The first thing to understand is that in the usual way of understanding a “tax,” the “bedroom tax” is not a tax at all but a cut in the amount of benefits for recipients with a clawback of 14% for the first “extra” bedroom and 25% for the second “extra” bedroom for those living in social or public housing.  The program was proposed over the last six months and implemented within the last six weeks and organizers and housing residents are trying to make it through the muddle since there are no clear regulations that seem to be guiding application of the “tax” at all.  What is the definition of an “extra” bedroom?  No one seems clear. 
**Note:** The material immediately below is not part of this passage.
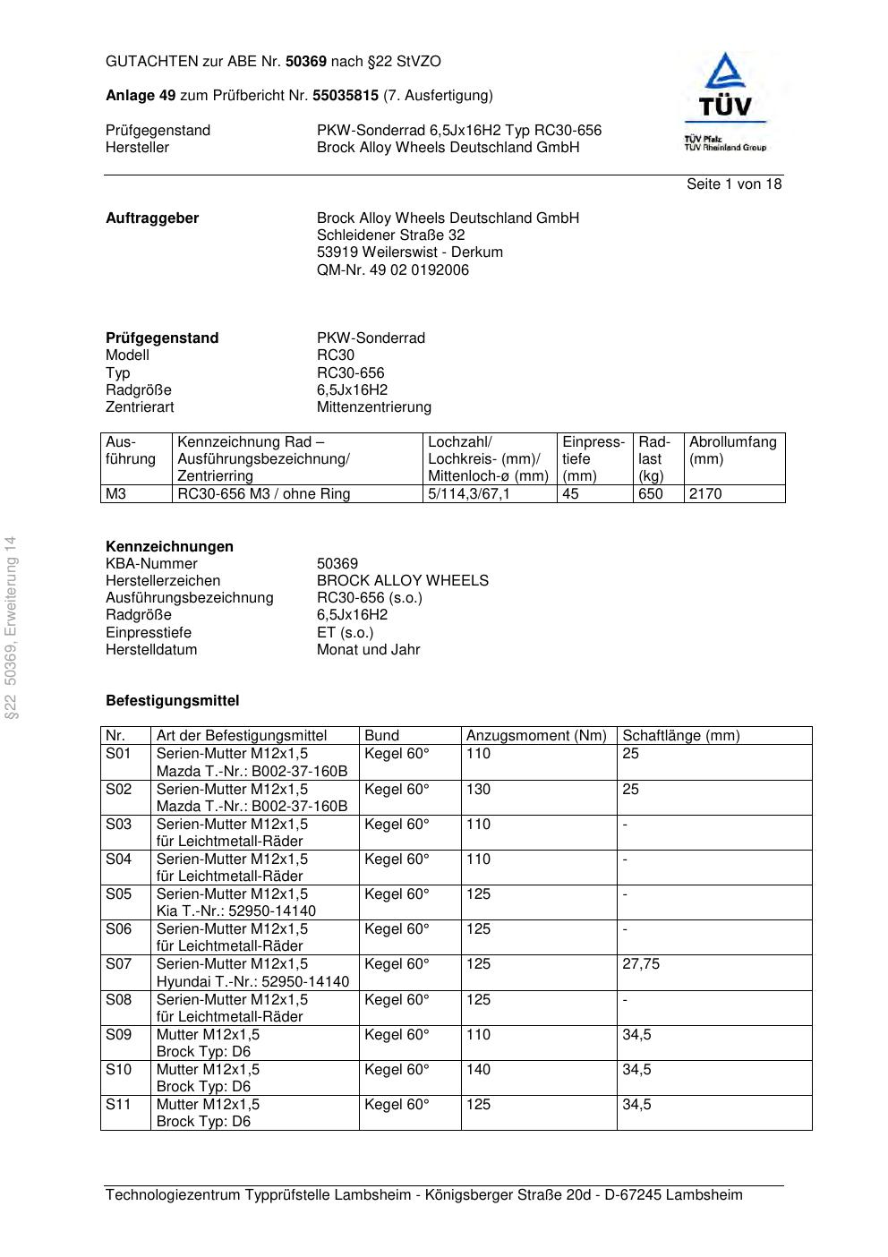 Dieses Gutachten (abe) bezieht sich auf die Alufelge Brock RC30-656 in der Ausführung 6.5Jx16 ET 0, Mittenloch 0 mm (KBA 50369). Im PDF findest du typischerweise zulässige Reifengrößen, Auflagen/Anbauhinweise und – je nach Dokument – Hinweise zur Eintragung.

Some council authorities left with administering these new national cutbacks are including storage rooms and workspaces.  If a family has 5 children, then where there are two to a room, no problem, but the odd child out in a room would lead to application of the bedroom tax because the child is in a room alone, unless the child is over 16 in which case that’s OK according to the government.  Huh?  What?  Are you still with me.  And, of course if you are over 65, no problems how many bedrooms you might have, because the government didn’t want the political opposition from the elderly.  Exemptions in some cases also exist for recent veterans, families with recent deaths, and in some cases for the disabled.  The parliament in Scotland has stopped evictions, but what happens to the debt and how long can they hold out against Westminster?

The price of all of this local discretion is that if local authorities are pushed to be more liberal, and the national government in Westminster is unyielding, then they are stuck with the bill.  If the “tax” is misapplied, then the local council’s can get some of the money back of course, but they will have to be pushed into that position.  Virtually everyone in the room where we were meeting at Edinburgh University saw this as a concerted national campaign to starve social housing of funds, divide residents, and force councils to accelerate privatization schemes for social housing for private landlords.

With this much discretion, organizers seized on the notion of developing a “minimum standards” campaign, mobilizing the anger and demands of the housing residents to bend the discretionary authority towards the clarity of entitlements rather than one off favors for specific people in various places.  Local benefits offices in Scotland are still located in the communities themselves making them easily accessible for quick organizing and direct mobilization and actions to turn in the forms and demand exemptions from the “tax” based on already acknowledged exceptions people have seen and exemptions that have not been clarified.

Before we broke for the day local tenants organizers were sketching plans to target specific neighborhoods for doorknocking next week, UNITE, a large UK union, was volunteering resources and capacity, community educators were offering to lend a hand and put in time for the organizing.  There was excitement.  A campaign seemed to be moving from anger to action, and old ACORN membership buttons and banners were being passed out.  Something big could happen here with organizing in Scotland leading the way and becoming the tail wagging the dog throughout the country.